╭──

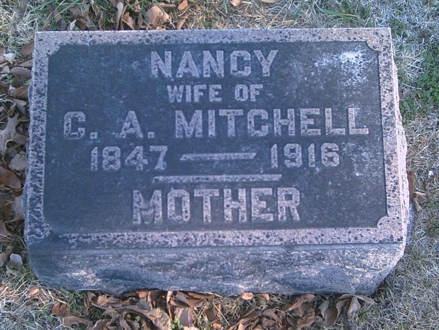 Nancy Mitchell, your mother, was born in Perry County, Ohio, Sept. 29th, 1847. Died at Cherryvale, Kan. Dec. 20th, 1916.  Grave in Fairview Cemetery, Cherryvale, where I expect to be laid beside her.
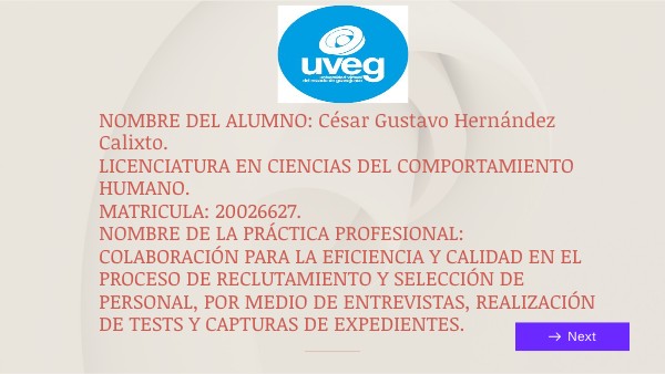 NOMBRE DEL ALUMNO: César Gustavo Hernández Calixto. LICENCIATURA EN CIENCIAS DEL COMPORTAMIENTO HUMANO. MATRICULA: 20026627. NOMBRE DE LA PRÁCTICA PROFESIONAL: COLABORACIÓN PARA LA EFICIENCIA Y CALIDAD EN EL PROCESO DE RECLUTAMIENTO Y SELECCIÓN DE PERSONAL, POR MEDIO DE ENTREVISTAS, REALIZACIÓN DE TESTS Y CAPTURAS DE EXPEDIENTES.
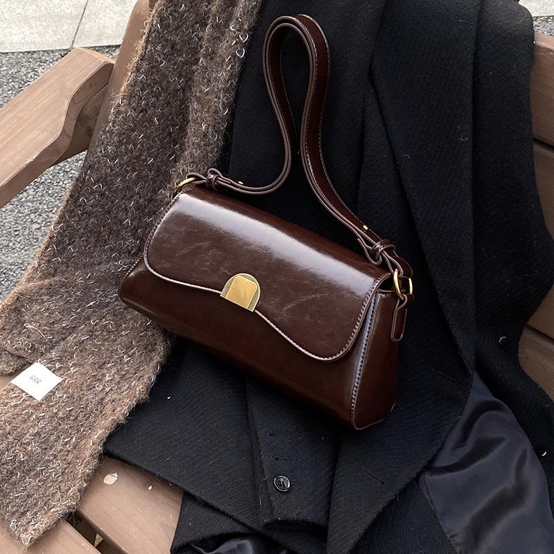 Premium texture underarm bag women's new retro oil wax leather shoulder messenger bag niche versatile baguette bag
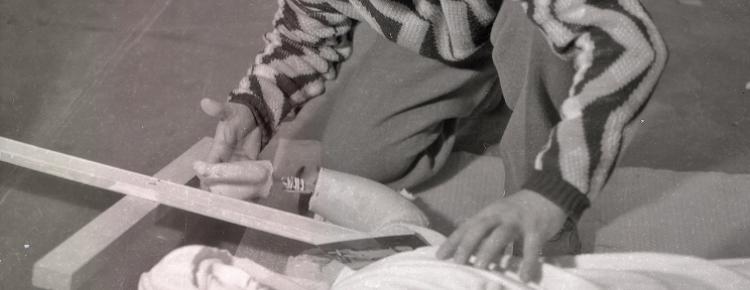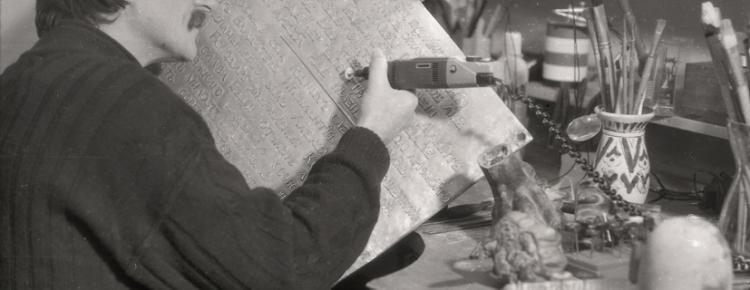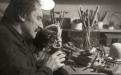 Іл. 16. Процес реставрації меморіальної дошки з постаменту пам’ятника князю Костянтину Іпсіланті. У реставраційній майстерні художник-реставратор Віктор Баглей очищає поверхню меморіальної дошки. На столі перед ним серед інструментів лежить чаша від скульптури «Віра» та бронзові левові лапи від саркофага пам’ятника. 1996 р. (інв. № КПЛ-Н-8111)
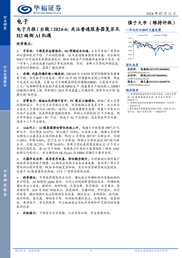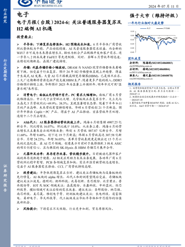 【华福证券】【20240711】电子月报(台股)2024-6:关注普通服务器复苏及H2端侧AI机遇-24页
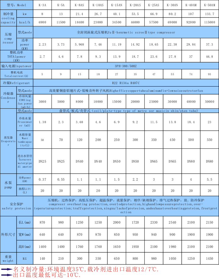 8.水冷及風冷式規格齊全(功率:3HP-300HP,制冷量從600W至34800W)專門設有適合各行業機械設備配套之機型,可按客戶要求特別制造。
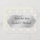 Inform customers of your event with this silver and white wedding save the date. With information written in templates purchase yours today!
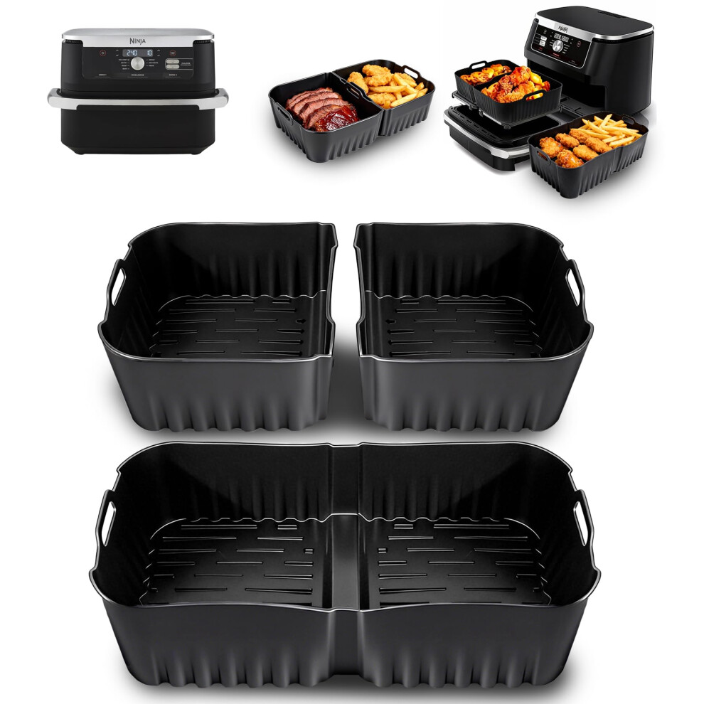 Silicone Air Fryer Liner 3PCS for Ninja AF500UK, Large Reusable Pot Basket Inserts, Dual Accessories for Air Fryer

╰──
╭──

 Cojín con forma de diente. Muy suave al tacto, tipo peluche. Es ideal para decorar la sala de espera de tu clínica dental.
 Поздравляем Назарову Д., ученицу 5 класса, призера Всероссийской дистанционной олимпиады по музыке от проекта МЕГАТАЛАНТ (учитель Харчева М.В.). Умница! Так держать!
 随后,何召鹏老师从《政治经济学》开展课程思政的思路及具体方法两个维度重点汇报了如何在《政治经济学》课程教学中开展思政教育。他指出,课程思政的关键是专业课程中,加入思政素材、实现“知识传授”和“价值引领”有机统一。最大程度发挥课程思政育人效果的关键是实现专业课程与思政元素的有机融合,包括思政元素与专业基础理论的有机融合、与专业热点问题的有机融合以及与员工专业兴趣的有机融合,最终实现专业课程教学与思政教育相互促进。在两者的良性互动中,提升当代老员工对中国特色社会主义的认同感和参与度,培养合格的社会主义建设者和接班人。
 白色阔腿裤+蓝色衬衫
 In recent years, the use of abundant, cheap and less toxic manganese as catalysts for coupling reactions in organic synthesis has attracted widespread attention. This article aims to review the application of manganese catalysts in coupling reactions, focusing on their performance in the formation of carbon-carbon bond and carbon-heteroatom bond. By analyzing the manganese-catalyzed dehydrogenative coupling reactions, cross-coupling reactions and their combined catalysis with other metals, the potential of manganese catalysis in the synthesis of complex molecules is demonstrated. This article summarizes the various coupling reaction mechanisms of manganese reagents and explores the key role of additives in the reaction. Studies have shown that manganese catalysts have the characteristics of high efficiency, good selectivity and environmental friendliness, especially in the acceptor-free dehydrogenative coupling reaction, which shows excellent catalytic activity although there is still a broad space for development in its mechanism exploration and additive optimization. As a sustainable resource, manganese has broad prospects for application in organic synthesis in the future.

╰──

WHAT TO PRODUCE — Pictures in the entries do not go into the copy. Print only the lines starting at the one containing "NOMBRE DEL ALUMNO: César" and ending at the one containing "Premium texture underarm", exactly as they appear.

WRITTEN ANSWER —
 NOMBRE DEL ALUMNO: César Gustavo Hernández Calixto. LICENCIATURA EN CIENCIAS DEL COMPORTAMIENTO HUMANO. MATRICULA: 20026627. NOMBRE DE LA PRÁCTICA PROFESIONAL: COLABORACIÓN PARA LA EFICIENCIA Y CALIDAD EN EL PROCESO DE RECLUTAMIENTO Y SELECCIÓN DE PERSONAL, POR MEDIO DE ENTREVISTAS, REALIZACIÓN DE TESTS Y CAPTURAS DE EXPEDIENTES.
 Premium texture underarm bag women's new retro oil wax leather shoulder messenger bag niche versatile baguette bag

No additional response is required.